*** Opening of Data to process ***

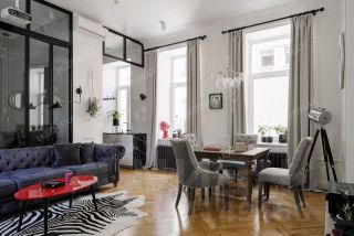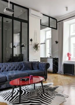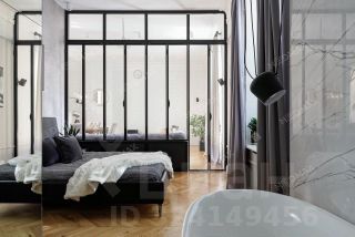 Просторное единое пространство, разделённое элегантной складной перегородкой для легкого зонирования, создаёт идеальный баланс между свободой и функциональностью.
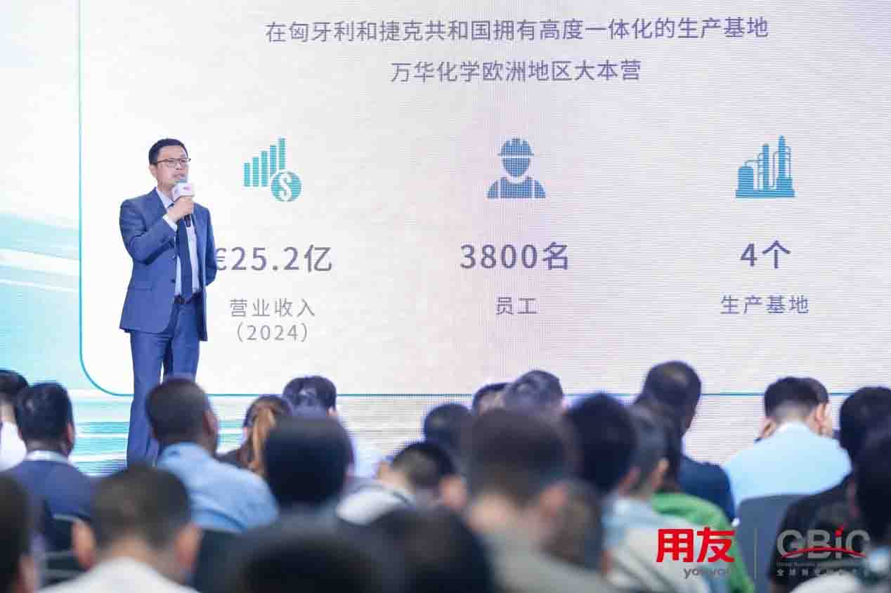 匈牙利万华宝思德CIO王振华分享了《国际化支撑:以数智平台赋能全球化业务在线》。他介绍了万华化学及宝思德化学的发展历程与业务情况,阐述了全球化运营中面临的文化、法规、成本、效率等挑战。基于此,万华宝思德选择与用友合作,搭建了以标准体系、开发运维为基础,依托三大中台的技术平台和业务架构,重点介绍了基于BIP平台落地的SDS项目,展现了用友BIP在多语协同、合规安全等方面的优势。
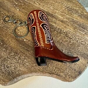 Western Leather Purse Charm Cowboy Boot Keychain NeW FAST SHIP Bag Flair
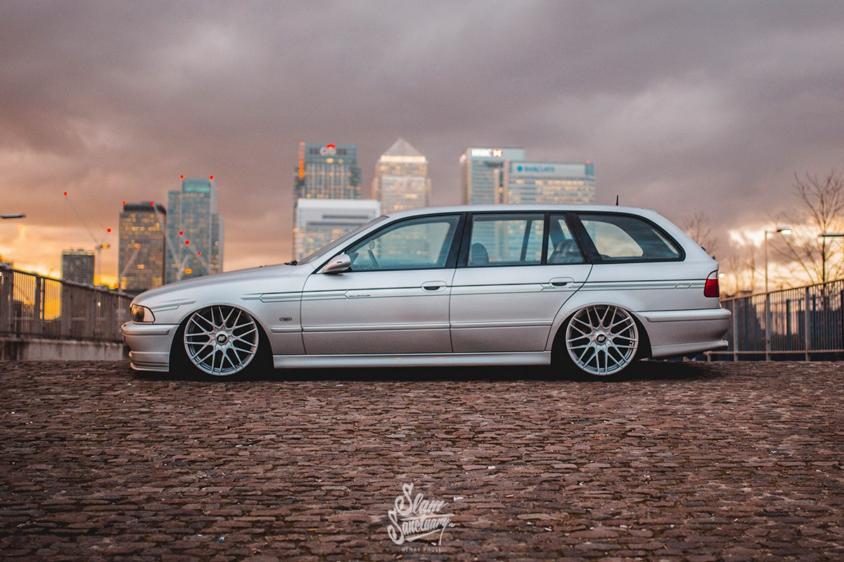 Это Alpina B10 3.3 Touring, созданная на базе универсала BMW 5-серии в кузове E39. Выпущено таких Alpina было всего 80 экземпляров, а сейчас перед нами ещё более редкий вариант - с правосторонним расположением руля. Кстати, собираются такие автомобили вовсе не вручную - сборка происходит на заводах BMW, куда Alpina поставляет собственные комплектующие.
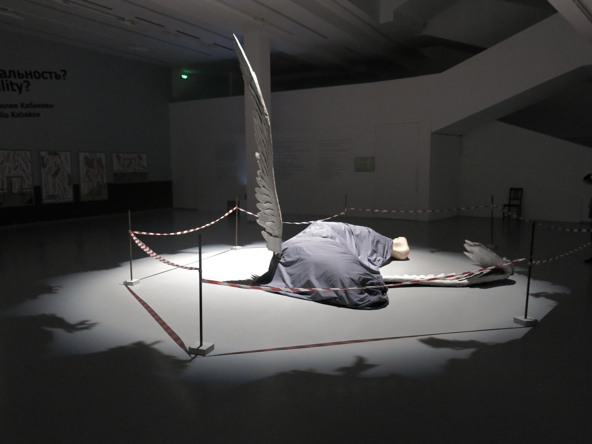 Входя в музей, первое, что видит зритель – это инсталляция с упавшим ангелом, огороженным красной лентой, как место происшествия. А под потолком на уровне седьмого этажа подвешена копия хрестоматийного агитационно-супрематического плаката Эля Лисицкого «Клином красным бей белых», из которого собственно ангел и «вывалился», прорвав известную работу. Эта инсталляция закольцовывает экспозицию, еще раз показывая отношение Ильи Кабакова в русскому авангарду и, в частности, к работам Эля Лисицкого. Интересно, что именно такой вид этой «Упавшего ангела» Илья Кабаков придумал специально для Мультимедиа Арт музея, ведь такой проект стал возможен только благодаря особой архитектуре, которая позволяет работать не только с горизонтальным пространством, но и с вертикальным.
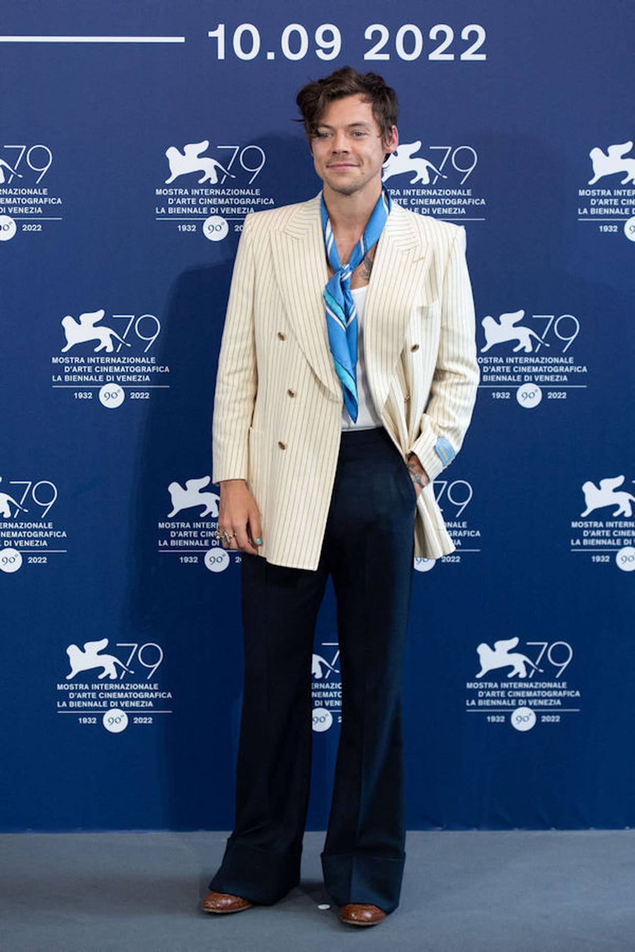 Harry Styles en ensemble Gucci à la Mostra de Venise le 5 septembre 2022.

*** Close of Data to process ***

Work item =>
Every line from the one holding "Это Alpina B10" through the last line of the entries above, and nothing else, is to be restated word for word. Pictures stay out.

Exercise result =>
 Это Alpina B10 3.3 Touring, созданная на базе универсала BMW 5-серии в кузове E39. Выпущено таких Alpina было всего 80 экземпляров, а сейчас перед нами ещё более редкий вариант - с правосторонним расположением руля. Кстати, собираются такие автомобили вовсе не вручную - сборка происходит на заводах BMW, куда Alpina поставляет собственные комплектующие.
 Входя в музей, первое, что видит зритель – это инсталляция с упавшим ангелом, огороженным красной лентой, как место происшествия. А под потолком на уровне седьмого этажа подвешена копия хрестоматийного агитационно-супрематического плаката Эля Лисицкого «Клином красным бей белых», из которого собственно ангел и «вывалился», прорвав известную работу. Эта инсталляция закольцовывает экспозицию, еще раз показывая отношение Ильи Кабакова в русскому авангарду и, в частности, к работам Эля Лисицкого. Интересно, что именно такой вид этой «Упавшего ангела» Илья Кабаков придумал специально для Мультимедиа Арт музея, ведь такой проект стал возможен только благодаря особой архитектуре, которая позволяет работать не только с горизонтальным пространством, но и с вертикальным.
 Harry Styles en ensemble Gucci à la Mostra de Venise le 5 septembre 2022.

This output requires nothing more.